Flying High with Jet Fighter's Acceleration

Have you ever wondered about the acceleration of a skilled jet fighter flying a stunt plane?

What is the jet fighter's acceleration at the highest point and lowest point while flying in a vertical circle of 1200 ft radius at a constant speed of 140 mi/h?

Calculating Jet Fighter's Acceleration

At the highest point:

The jet fighter's acceleration is 17.56 ft/s².

At the lowest point:

The jet fighter's acceleration is 35.12 ft/s².

Understanding the Jet Fighter's Acceleration

When a skilled jet fighter flies a stunt plane in a vertical circle with a radius of 1200 ft at a constant speed of 140 mi/h, we can calculate the acceleration at the highest and lowest points of the circle.

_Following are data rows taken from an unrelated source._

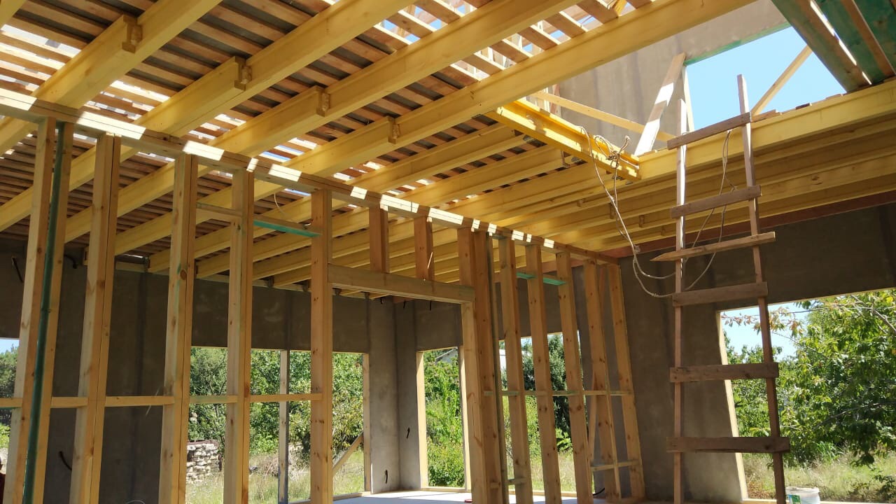 В межэтажных перекрытиях в качестве несущих лаг мы применяем двутавровые балки собственного производства с влагостойкой 24 мм. фанерой в сердечнике.
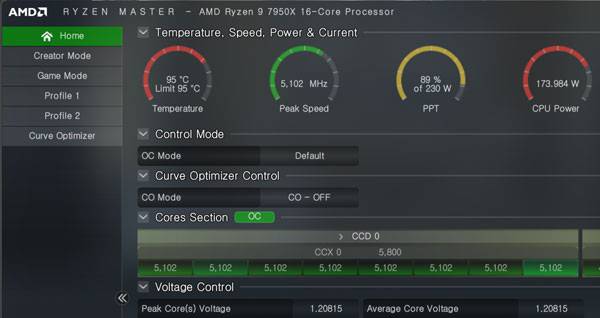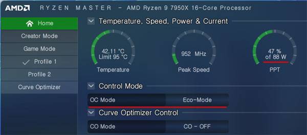 테스트에 사용된 라이젠 9 7950X는 라이젠 마스터를 통해 에코 모드를 활성화하면 전력 상한치가 230W에서 88W로 절반 이상 줄어든다. 당연히 온도와 발열도 대폭 낮아진다.
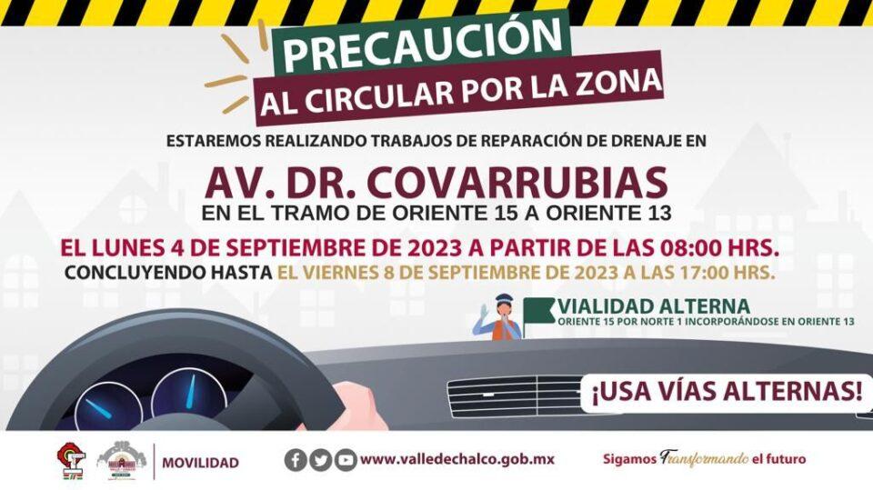 Valle de Chalco. 3 de septiembre de 2023. El.gobietno de Valle de Chalco iniciará con la reparación del sistema de drenaje en la avenida Covarrubias por lo que del 4 al 8 de septiembre se realizarán corte de circulación en esta vía de comunicación.
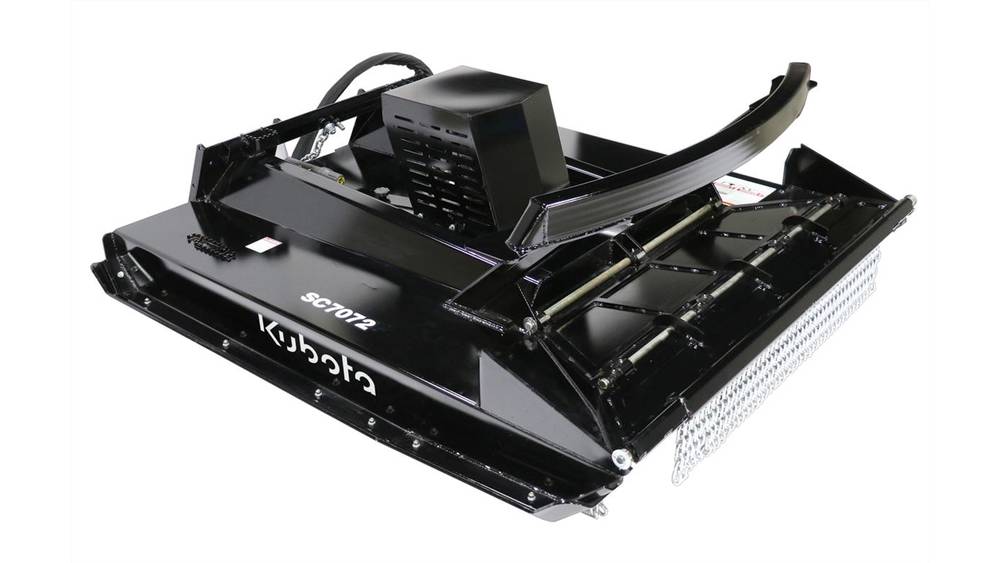 Kubota by Land Pride: Contractors and developers with extreme ground-clearing needs will easily eliminate brush and trees up to 7" in diameter with the SC70 Series Skid Cutter. The Kubota SC7072 is a heavy-duty skid cutter with a 7" cutting capacity and 6' width designed to make land clearing a simple and efficient task. The deck and side skirts are manufactured from 1/4" steel. The 3 piece deck design minimizes weld for added strength. The SC70 come with an optional case drain and optional motor pressure gauge. Standard safety features include front and rear chains, a pusher bar, and unique bi-fold door that covers the cutting chamber when not cutting in heavy brush. Only available through Kubota Dealers. Patent Pending.
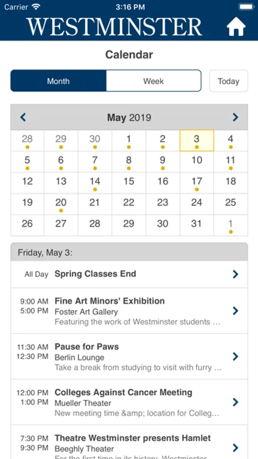 With the WestminsterPa app, students can view announcements, weather, social media, participate in your Campus Group, view maps of the campus and search the campus directory.
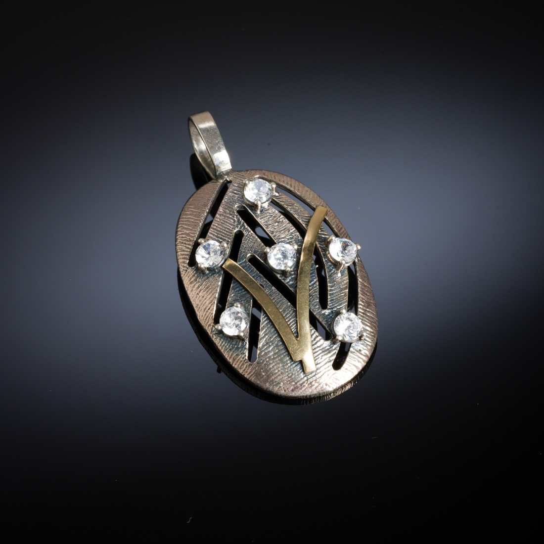 Em prata portuguesa contraste águia de 925 e ouro de 9Kt., contraste andorinha (pós 1985), cravejado com zircónias. Sinais de uso.
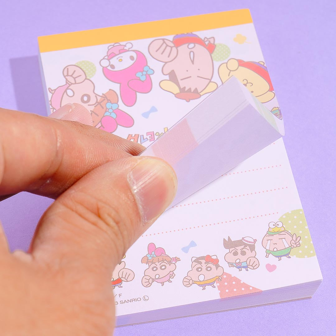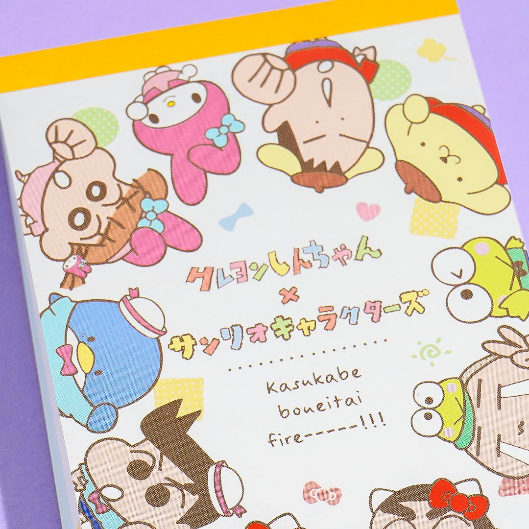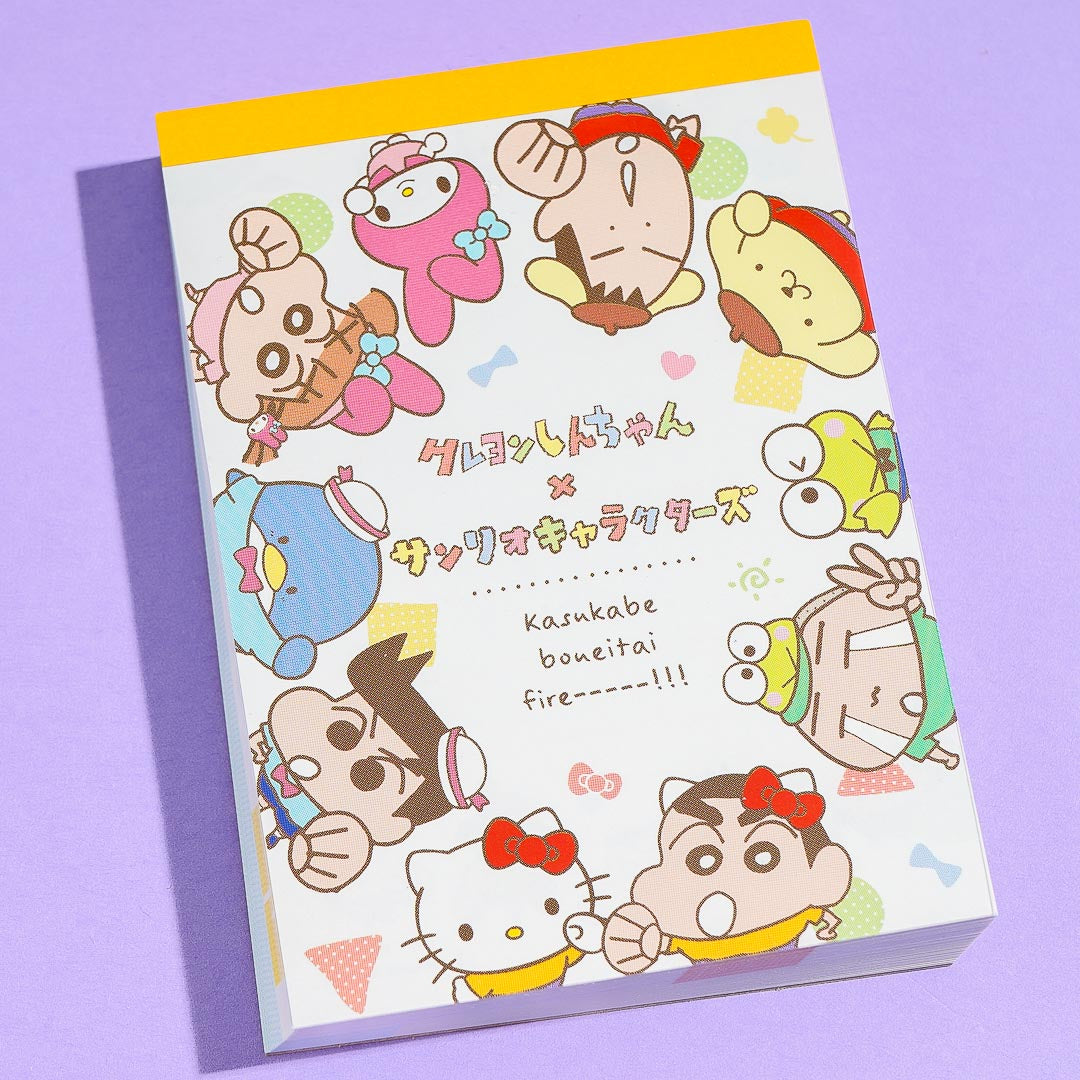 Write important notes and reminders on this kawaii memo pad. It's illustrated with prints of Sanrio cuties and Crayon Shin-Chan characters punching the air. This memo pad is a great addition to your stationery collection
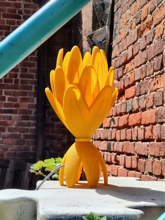 Lampka wykonywana jest z filamentu PLA, materiału najczęściej produkowanego ze skrobi kukurydzianej lub innych surowców pochodzenia roślinnego.
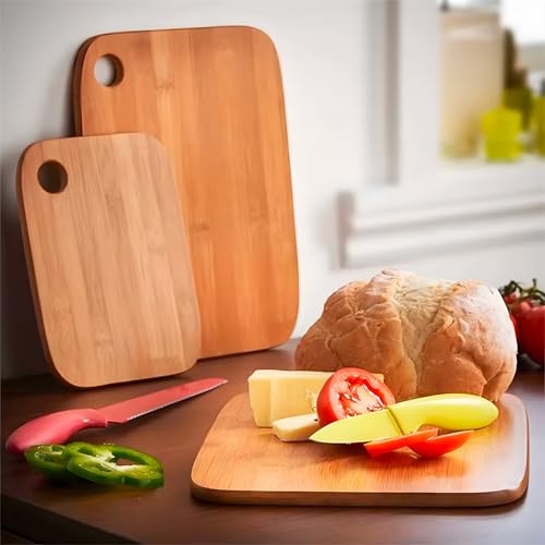- مادة متينة وطبيعية - مصنوعة بالكامل من الخيزران الطبيعي، تجمع ألواح التقطيع هذه بين القوة والخفة، مما يضمن ملحق مطبخ متين وصديق للبيئة.
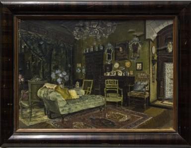 Vue d'un salon, aquarelle sur papier, 33x48 cm
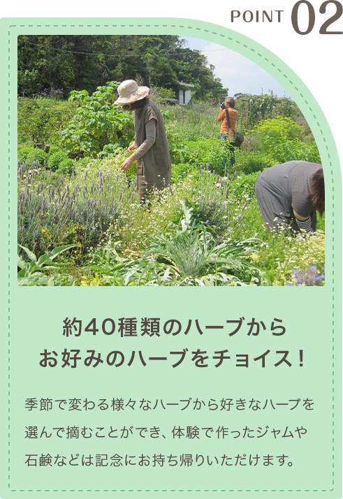 広大な農園で季節のハーブや花に癒されながら、摘み取り体験ができます。摘みとったハーブは、その場でジャムやスワッグ、化粧水やクラフト作りができるので、自然の中で楽しめる魅力がいっぱいです。
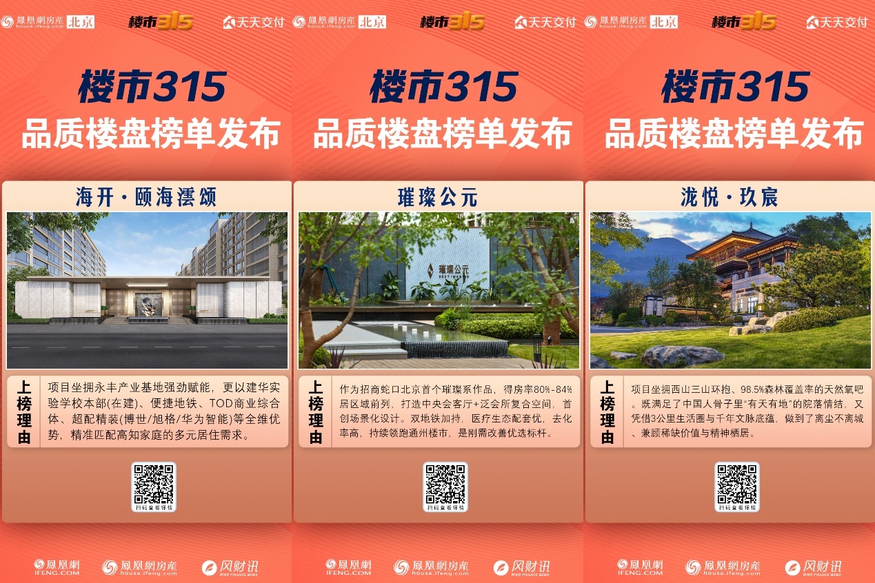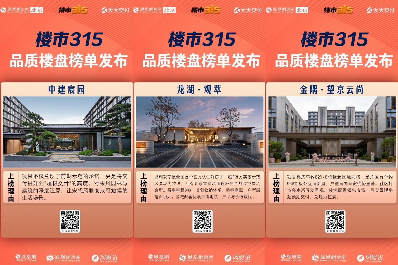 正是基于对楼市这些高频痛点的深度洞察与梳理,本次315专题以实景兑现、产品品质、服务体验、合规保障、口碑认可为五大核心维度,经资料审核、业主反馈调研、行业标准对标,最终评选出泷悦·玖宸、北京城建・天坛府、龙湖·观萃等十大北京品质楼盘。从核心亮点来看,这些标杆项目各有特色、各擅其长,集中展现了北京好房的优质基因与品质标杆力:

At the highest point, which is 2400 ft above the ground, the jet fighter's acceleration is 17.56 ft/s². This acceleration is determined by the formula for centripetal acceleration in a circular path: ac = v²/r.

Substituting the values of velocity (v = 205.3 ft/s) and radius (r = 1200 ft) into the formula, we get ac = (205.3)²/2400 = 17.56 ft/s².

At the lowest point, which is 1200 ft above the ground, the jet fighter's acceleration is 35.12 ft/s². Substituting the same values into the formula, we get ac = (205.3)²/1200 = 35.12 ft/s².

These calculations show the difference in acceleration experienced by the jet fighter at different points in the circular path. Despite flying at a constant speed, the acceleration varies due to the changing direction of motion in the vertical circle.